Do note the great insinuation here: The invocation of the mythical “Post Wat Consensus” which is the great conspiracy invented by the post-American “Right” who claim that they are simply reclaiming the true Western (though not specifically American) Civilization from insidious inventors of “abstractions”. What he dismisses does have precedent, that precedent being American Civilization (and English before that).
“Some on the right have pushed back against Rubio’s skepticism of abstractions, interpreting it as a rejection of the American founding. I think that’s a misreading. First, it’s textbook Burke, so it should be intimately familiar to conservatives. Second, Rubio is obviously not against liberty. He’s arguing that its defense should be rooted in the national interest and in the cultural inheritance of a people. Yes, many have died throughout history defending Christianity, but Rubio would argue that faith is not an abstraction. It is the spiritual and moral inheritance of a civilization, and defending it is fundamentally different than dying for a regulatory framework from Brussels. Also, none of this is isolationism. It’s foreign policy grounded in national and civilizational interests, rather than the defense of liberalism for liberalism’s sake.”
Note that “liberty”, in his view, is somehow dependent on the abstraction of a “national interest” and a “cultural inheritance” that outsiders do not own and thus are not deserving of the “liberty” that springs therefrom.
And then he does what so many others dishonestly try to do, even if they don’t consciously recognize it. What is the difference between “civilization” or “faith” and mere “abstractions”? Clearly it’s whether Mr. Sopo agrees with it or not!

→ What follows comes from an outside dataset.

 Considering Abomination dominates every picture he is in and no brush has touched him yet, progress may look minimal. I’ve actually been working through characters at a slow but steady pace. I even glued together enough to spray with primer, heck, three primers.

Burke wrote of the underpinnings and fundamentals; Locke of the distilled flowering from that well tended soil. They are two parts of the same cultural and civilizational coin—of the Anglospheric vein from which American has proved the greatest defender, and staunchest embracer of. Yes, they conflict with continental Europeans, be they those of a faith historically at odds with Americans, or from true inventors of abstractions which Mr. Sopo’s writings embody, either intentionally or not.

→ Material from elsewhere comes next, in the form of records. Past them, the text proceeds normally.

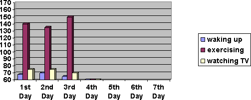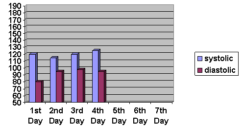 You will have two choices here. Pick one. Project 1: Some drugstores and the drugstores at WalMart have free blood pressure reading machines. If you live close to a place like this, keep track of your blood pressure for about a week. (You may want to tell the pharmacist what you are doing.) Create a chart of the results you obtained. Your chart will look like this one.
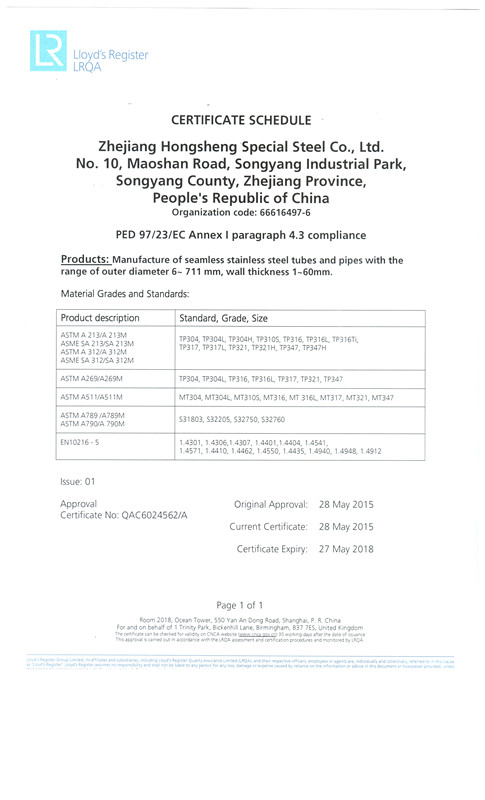 2015年5月10日至13日,LR(Lloyd'sRegisterofShipping)審核組一行來到浙江宏盛特鋼有限公司生產現場,對宏盛特鋼質保體系、生產能力及產品檢測能力等一一進行了現場審核。并對公司TP304材料、MT304材料、S32205材料不銹鋼管現場取樣,見證了化學成分、機械性能、超聲波探傷等型式實驗。經過多項審核,各項指標均符合PED4.3相關要求。通過為期三天的審查,LR審核組對宏盛特鋼的質保體系及生產能力給予了高度的肯定,同時公司也順利取得由勞氏頒發的PED97/23/EC4.3證書。
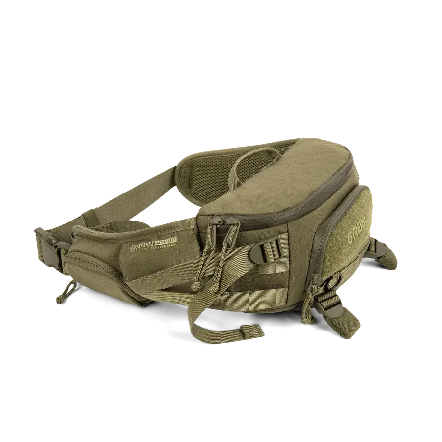 Molle ridden Mission EXP™ Hip Packs are overbuilt for maximum storage and comfort in the outdoors. Equipped with an internal pocket system, you can take what you need and compartmentalize with ease. Designed for your Grayl, our Expanse BottleDrop™ and BottleLock® storage systems offer you a multitude of options to carry any water bottle and essential gear. Velcro loop with a clip-in metal o-ring allows is an idyllic landing spot for grab-n-go G-Mod Velcro Accessory Pouches for quick and easy access to compact items. Constructed with 100% recycled nylon, stretch woven fabrics, YKK water-resistant zips, and premium hardware. Expandable by up to two liters when extra volume is needed by deploying the Expanse BottleDrop™ Pockets.

Inalienable rights, limited government, and the rule of law are our civilization and our inheritance. They are the very pillars of American society upon which everything else is built. There is no submission to some vague abstraction of “national interest” or to some sprachbund of a broader West as some faux urheimat.
Classical liberalism was the distillation of the civilization whose fundamentals Burke defended.
“None of these ideas are separately new to American politics. What is novel in the post-Cold War era is their synthesis into a single coherent foreign policy vision. Burke, Huntington, Catholic social thought, and foreign policy realism don’t naturally sit together and they do have some internal tensions, but Rubio resolves this by making Western civilization the intellectual framework that holds them all in place. The postwar alliance remains, but on sovereigntist rather than post-national liberal terms. That’s the real pivot, and it’s why this speech matters far beyond the moment.”
Novel synthesis? Indeed, this entire encapsulated worldview is not only “novel”, but the pure distillation of what an abstraction actually it. It is a post hoc invention to justify by both faux historical and pseudo-oracular means an invented abstraction whose origin lies not in American (and Anglopheric, more broadly) civilization, but in the delapidatory carcass of modern Europe, and the more recent degradations of Rousseau, the French Revolution, the Revolutions of 1848, and all other disparate divergent civilizational societal evolutions that has left them to be inferior to our separate and distinct—and superior—American civilization.
Individuals such as this wish to replace our civilization and inheritance with a fantasy of their own devising… to replace the American fundamental with their mere abstractions.